Now all who believed were together, and had all things in common, and sold their possessions and goods, and divided them among all, as anyone had need. – Acts 2:44-45

I have always wondered how cool it would be to see a truly united church.  I’ve seen a handful of united congregations do some pretty great things, but only within the context of their own church name.  I’ve never seen, at least with my own eyes, people in one church come together to help people in other churches.  If we all lived like these two verses, we would see it often, and the lost people on the outside looking in would be amazed.

Once, I “borrowed” a musician from another church.  He wasn’t playing that Sunday, so he was more than willing.  Everything worked out great . . . or so I thought.  I quickly got a call that evening letting me know that I needed to find my own musicians and leave theirs alone.  My only thought was that I wouldn’t mind if they used our church’s musicians . . . I didn’t think they’d mind if I used theirs.  I was wrong.

This week, I saw a newly transformed believer in great need.  It was a financial need that I couldn’t meet on my own, or I would have.  I made an inquiry on their behalf.  I saw people who represented several different church congregations come together and meet the need.  Immediately, I thought of Acts 2 when this used to happen often.  I’ve been injected with the thought that this could be the start of something amazing within the church as a whole.

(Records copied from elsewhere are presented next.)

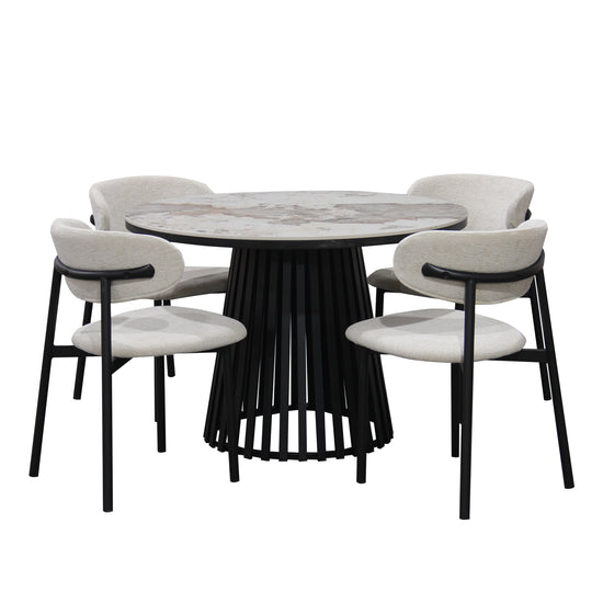 El Comedor 4 Puestos Donato Beige, Negro destaca por su diseño contemporáneo. Su base tipo jaula en color negro aporta carácter, mientras el sobre tipo mármol con vetas naturales añade sofisticación. Las sillas tapizadas con espaldar curvo brindan estilo y comodidad inigualable.
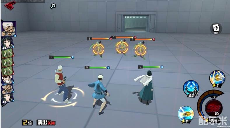 本关我方对战螳螂男*3,虽然螳螂男为群攻型boss,但伤害并不足以一回合就将我方队伍击败。整体来看,此章节只要保证火男面及时使用绝技为我方补充能量即可。
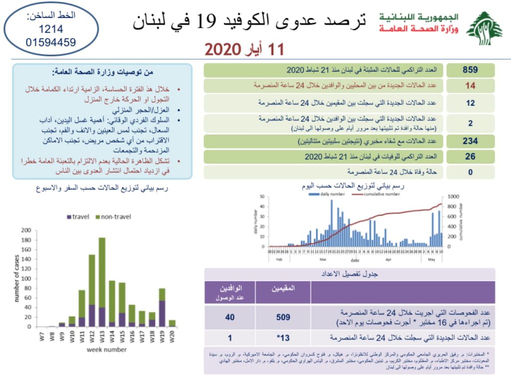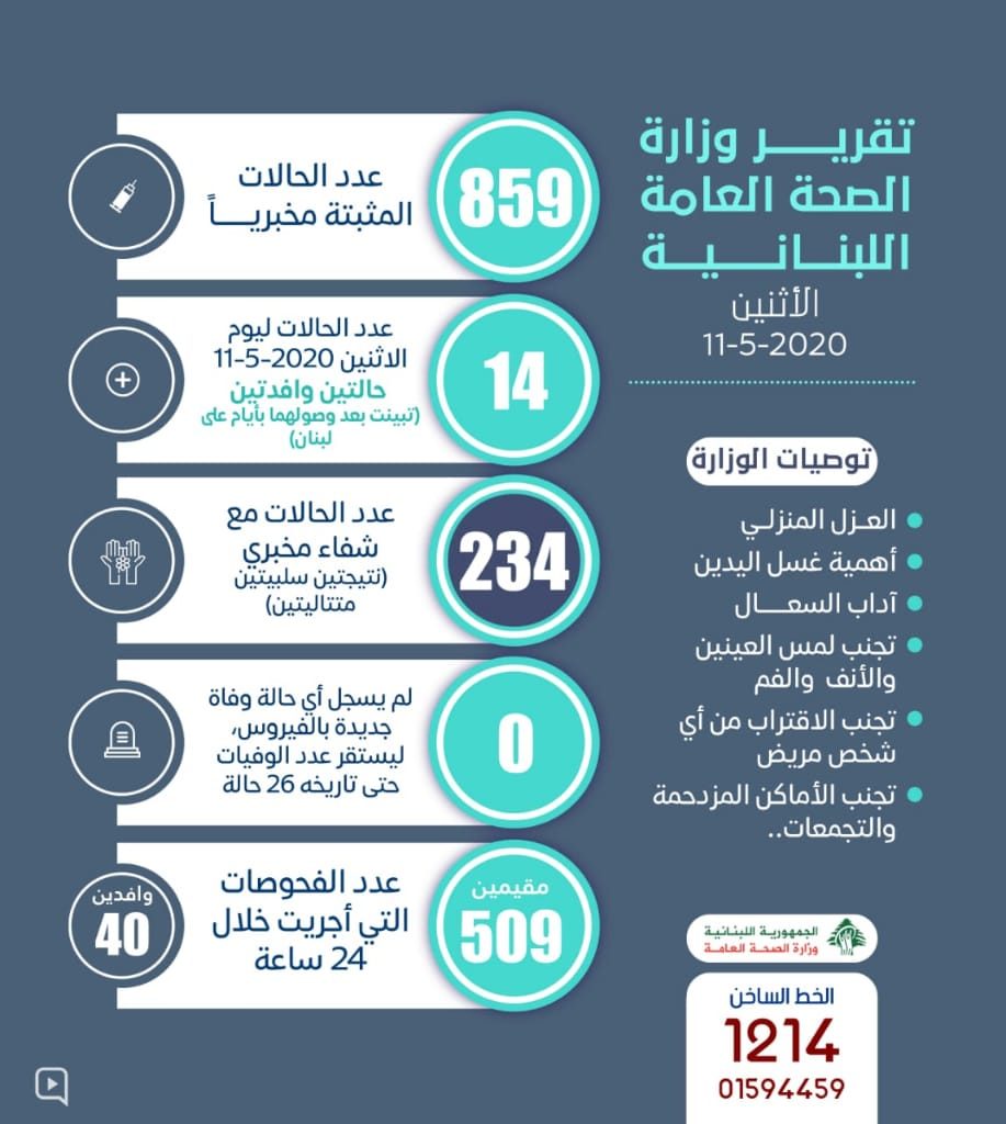 تضمن تقرير وزارة الصحة اللبنانية ١٤ اصابة جديدية بفيروس كورونا توزعت بين ١٢ للمقيمين و اصابتين من بين الوفدين ليرتفع العدد الاجمالي الى ٨٥٩ اصابة
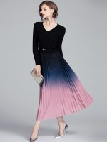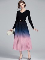 Black Gradient Color Pleated Knitted Dress
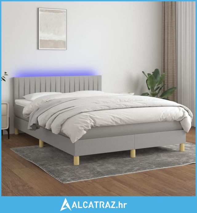 Krevet box spring s madracem LED svjetlosivi 140x200 cm tkanina - NOVO
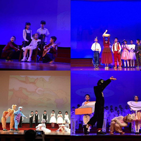三5&8班的小演员或头戴老奶奶的假发,或围绕其身旁弹吉他,A Pretty Dream是不是更温馨?Big Black Cat and Little White Mouse让三6&11班的孩子们过了一把瘾——表演者尽兴,旁白者尽情,这样的话剧,要不要来一打?还有三1&2班的The Golden Goose,三7&10班的The Breman Town Musician,都是不可错过的经典童话剧。不能身临其境,那就一睹为快吧!
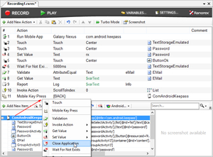 图:添加“Close Application”action,以确保录制的脚本在正确的设备上执行
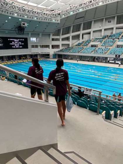 大阪府の水泳競技大会の2日目。ウォーミングアップが始まりました。
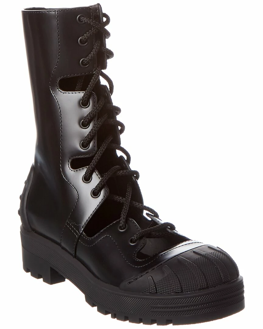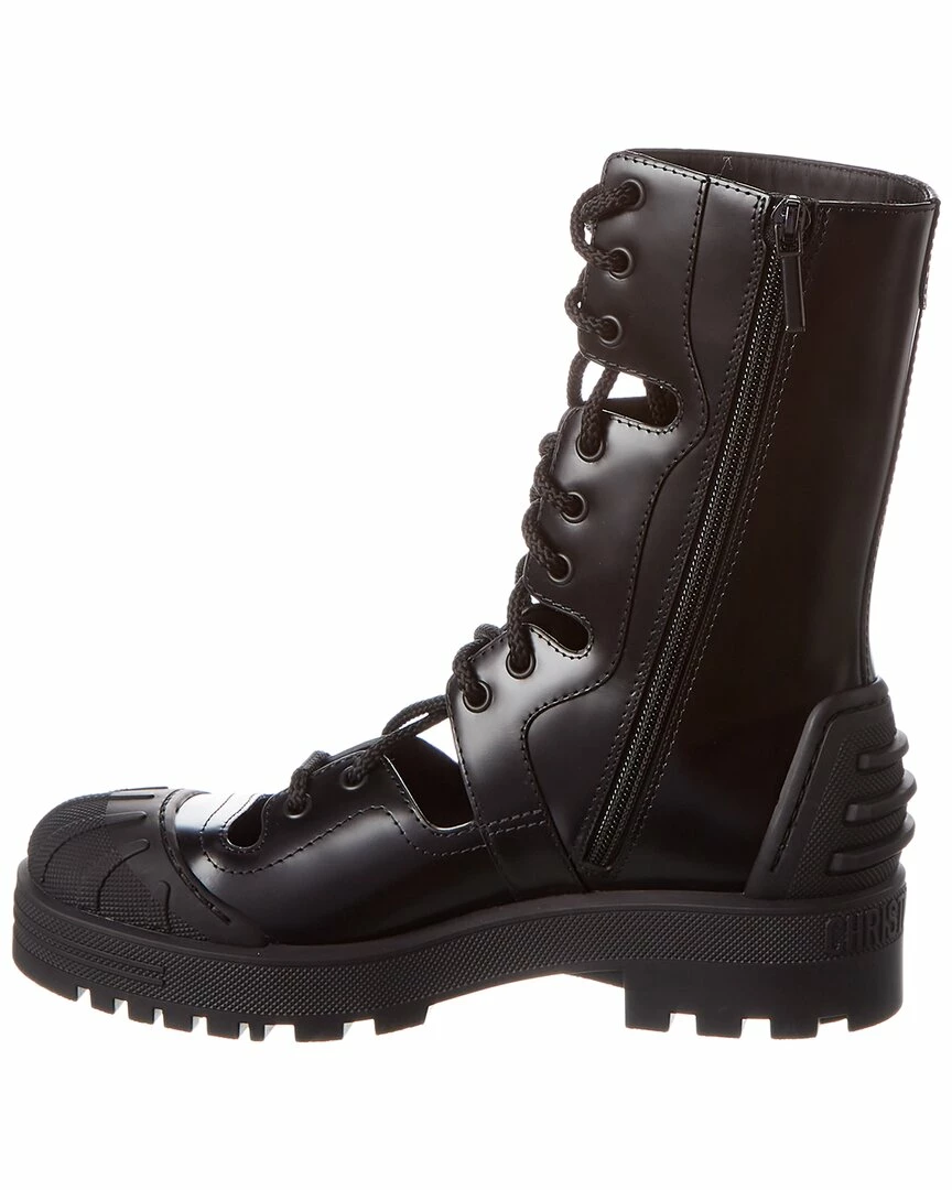 - Dioriron Leather Boot in black leather with cutout design and zipper accent

What would it look like if all the church congregations in Oconee County were truly one?  No selfish motivations.  No building up of just our own church name.  I really want to see it before the Lord comes back.

I think He does too.

Lord, I’ve never been injected with more hope because of what I just saw.  Help us, Your people, to truly become united as one.  How can we treat others like we’d want to be treated if we can’t even do it cross denominationally?  My prayer is for an answer to Your prayer in John 17:21:  that they may be one, as thou, Father, art in me, and I in thee, that they also may be one in us: that the world may believe that thou hast sent me.  Amen!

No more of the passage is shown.